そうして一分もかからずに全滅させてしまった。
敵のいなくなった、ひらけた空間の中央部に三人が集まる。
「二人とも凄いわね・・・私、何も出来なかった」
ミリィーが呟くように言った。
「ミリィーはシーフなんだから、そんなこと気にすることないよ
それより奥に倉庫らしき洞穴を見つけたから、見てくるよ 」
ゼイルは「気にしなくていいんだよ」と優しく声をかけると、奥へと進んでいく。
彼がいなくなるとミリィーは俯いてしまう。
「ミリィーさんはシーフです。通路で罠を解除してくれたじゃないですか?
索敵も的確にしてくれました。これからもよろしくお願いします
・・・・ってゼイルさんは考えてると思いますけどね 」
素っ気なくメニイが言うと
「メニイって、凄く可愛いわね?」
と言って、ミリィーはメニイを優しく抱きしめて頭を撫でる。
するとメニイは少し赤面して言った。
「ちょっと何するんですか? ・・・私は猫じゃないんですよ」
「いいえっ、猫よりずっと可愛いわ」
「仲良きことは素晴らしきかな」
いつの間にかゼイルが遠い目をした様な、笑顔を浮かべている様な表情で、女子二人の様子を見ていた。
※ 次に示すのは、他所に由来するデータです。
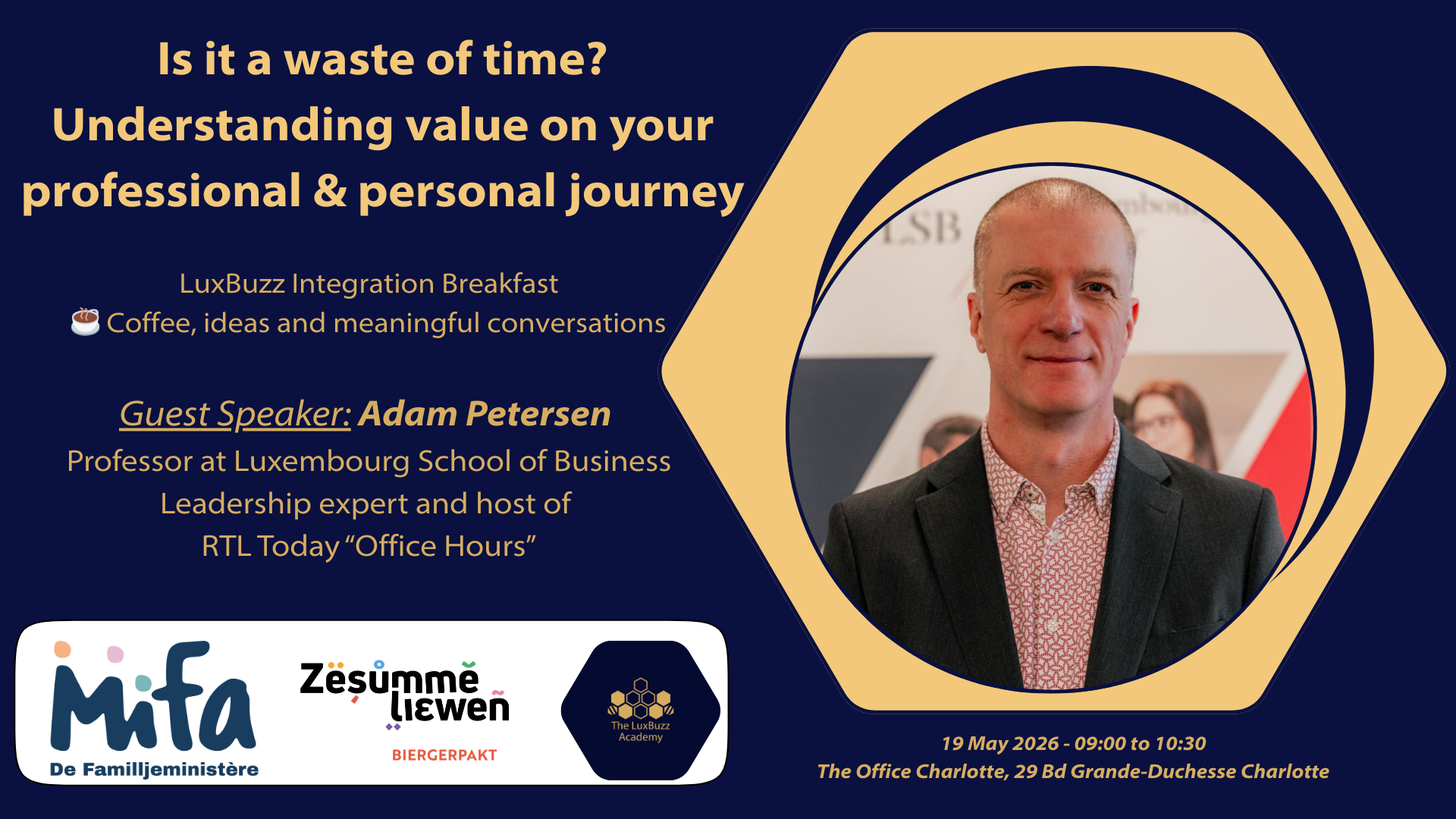 Wärend dësem partizipative Frühstück wäert den Adam Petersen, e Leadership- a perséinlech Entwécklungstrainer vun der Luxembourg School of Business, seng Abléck an Erfarungen iwwer d’Wichtegkeet vun engem bessere Verständnis vun de Stäerkten, Talenter a wat deen eenzegaartege Wäert ausmécht, deelen.

洞穴にあった毛皮などの戦利品を抱えて。
「あのっ、ゼイルさん、これは違うんです! ミリィーさんが急に・・・」
「うふふっ、メニイはウブで可愛いわね」
メニイが焦ったように言い訳したが、ミリィーは動じずに離れようとしなかった。
「ちょっとゼイルさん、助けてください!」
メニイは赤面しながら言ったが
「・・・仲良きことは素晴らしきかな」
ゼイルはこのとき合掌し、’悟りを開きかけた ’と後に語ったという。
しばらくして皆が落ち着くと、洞窟を出た。
「いや~、今回の依頼はとてもいい経験が出来たね? 恐らく一生忘れないよ」
ゼイルが口を開くとメニイは言った。
「確かに討伐は初めてでしたけど、そこまでの凄い収穫は無かったと思います
けど・・・ 」
「もうメニイったら、つれないわね~。抱きしめ合った仲じゃない?」
ミリィーは少し恥らう様な、からかう様な表情で言う。
「合ってないですよ! 一方的にされてただけです!」
メニイが少し語気を強めるとミリィーはおどけたように言う。
「ごめんなさい。つい、メニイは可愛いから・・・」
「もう、ミリィーさんたら・・・」
すると沈黙を保っていたゼイルが口を開いた。
「仲良きことは・・・」
「もう、それはいいです!」
メニイはパーティー初突っ込みを披露した。